Life in the Line Turns Out to be the Experience of a Life-time

     I was in luck. Friday noon at the café and no line. Just a guy and a gal studying the menu and looking in the soup tureens. I was in a big hurry, but before I barged in front of them I asked if they were in line.

     The guy gave me a LOOK. Yes, they were in line. I got behind them and then they went off to check out the pastry case at the other end of the counter. Since there wasn’t anyone at the register to take orders, I waited where I was.

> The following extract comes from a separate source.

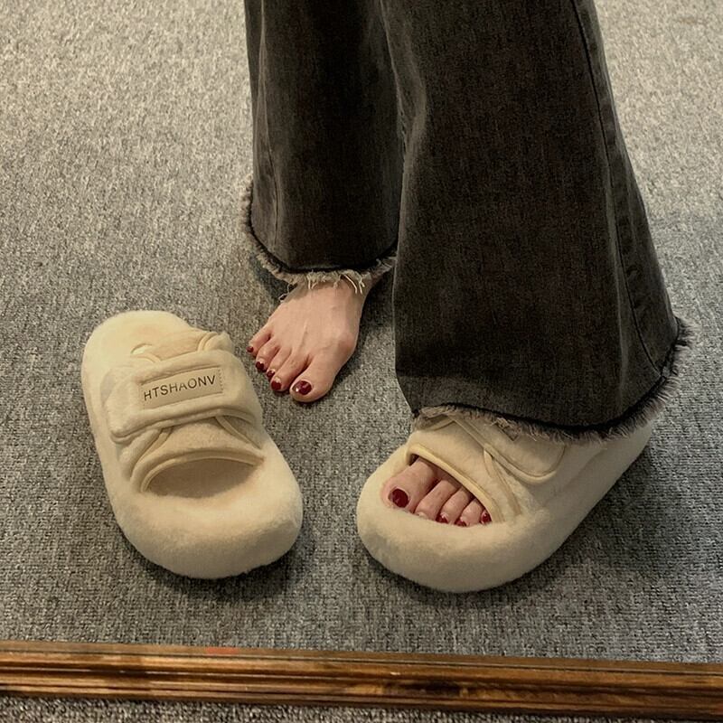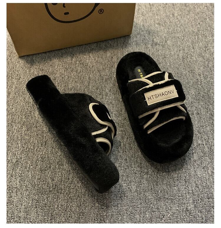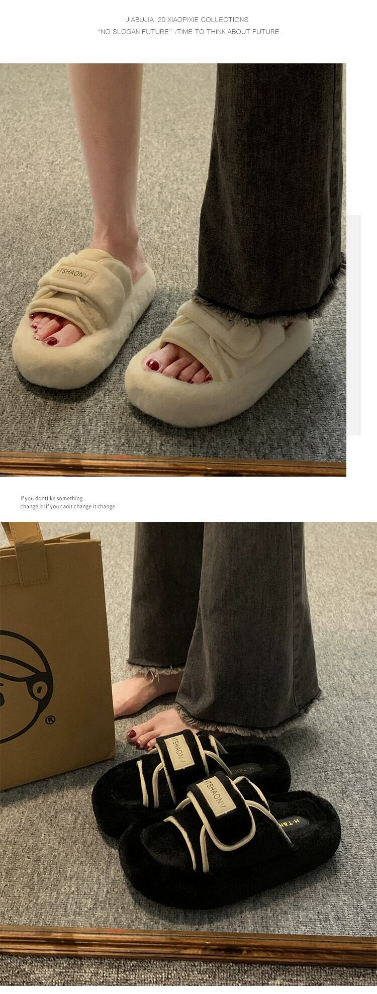 Jia Bu のフェイクファーリースリッパレディースアウター 2023 秋の新ファッション多用途レトロなスタイルの厚底ワンラインスリッパトレンディ ミュール 靴 シューズ オータム 秋物 jxjxf60579056612
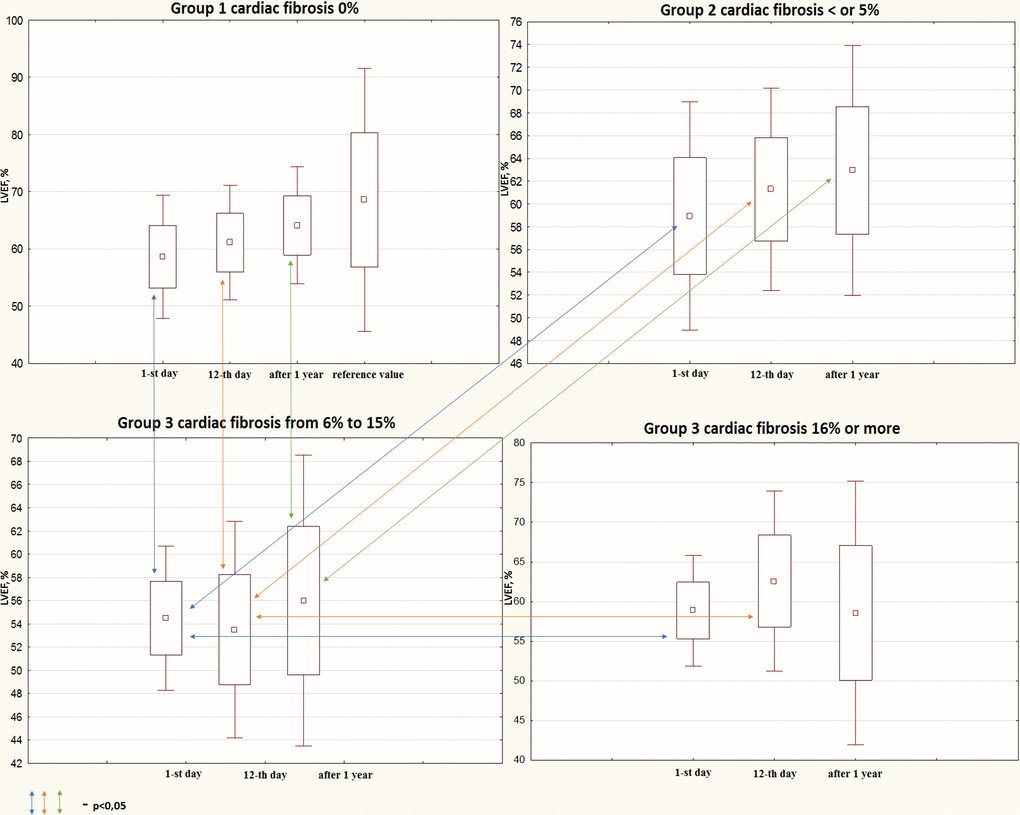 Patients with cardiac fibrosis covering up to 5% of the myocardium demonstrated a significant improvement in LVEF only in the in-hospital period, when LVEF increased from 60% [56; 63] to 63% [60; 64]% (p=0.038). Despite further improvement up to 65% [61; 65], changes were statistically insignificant. Another trend was determined in patients with cardiac fibrosis ranging from 6% to 15%. Contractile function decreased in this group at each control time point.

     When the order-taker finally got there, the guy came back – without the gal - to place his order. First he had a few questions.

     “What’s the soup of the day? Are the vegetables fresh? How big is the bowl? Can I see the cup? I’d like some water, too. Yes, bottled. What size are the bottles? Do you have pepperoncinis? No, I don’t want any. I just wondered. My Aunt Edith likes them. What?”

     About this time, the gal reappeared at the other side of the café.

     “Oh yeah, she’s with me. No, not her” - he pointed at me. “Her.” He pointed at her.

     “Her” sauntered over and asked to see the water bottle sizes. Tons of people had come in by now and the line snaked around the café. The lady behind me rolled her eyes. I rolled mine back. She was wearing a red suit. I never argue with a red suit.

     My soup and iced tea were delicious, and I had a nice brisk walk back to the office and missed both of my meetings. Which was good – but I won’t get into that.

     This morning at the grocery store I grabbed a couple of lemons and a pack of pudding and hurried to the checkout stands. Yeah, I know - one of these days I’m gonna stop this always being in a hurry business.

     I surveyed the lines, did a quick calculation, and picked Counter 11. Only three people, with three or four items each, and one old guy paying for his stuff. Had it made.

     Oops. No checker. Where’s the checker? We waited patiently for a minute or two, and then everyone started looking around for the checker.

     Hours later – in “line-wait-time” - she walked over and tucked a lavendar balloon in the old guy’s bag like she’d never been gone, rang it up and soon he was gone.

     The next guy paid for a couple of those sheathed flower bouquets. Quick and easy. And the lady with the toothpaste did okay until she ran her card through the card reader. It didn’t read. She ran it through five times before it took. And then she was off.

     The woman in front of me was next. She’d been complaining steadily about the delays, so I figured she was in a bigger hurry than I was. Wrong.

     The cashier rang up her milk, her magazine, and then her big box of eggbeaters. That did it.

     “Six ninety-nine?!!! The sign said two ninety-nine - who’d pay seven dollars for eggs?! Can you believe it? Seven dollars for eggs!!! I’m not paying. I don’t want them.”

     So of course the checker called someone to go check the price and of course that took fifteen minutes and of course the lady kept apologizing to me for the delay and of course I smiled at her and said that’s okay and of course I didn’t mean it and finally the worker came back with a small box of egg-beaters so it only cost three dollars – not seven - so the lady bought it, but then the worker had to go back and get the original big box of egg-beaters because the checker couldn’t credit the big box without the big box being there to be scanned and the woman went off with her little egg-beaters...

     I’ve come to the conclusion that life in the line is the experience of a life-time. Literally.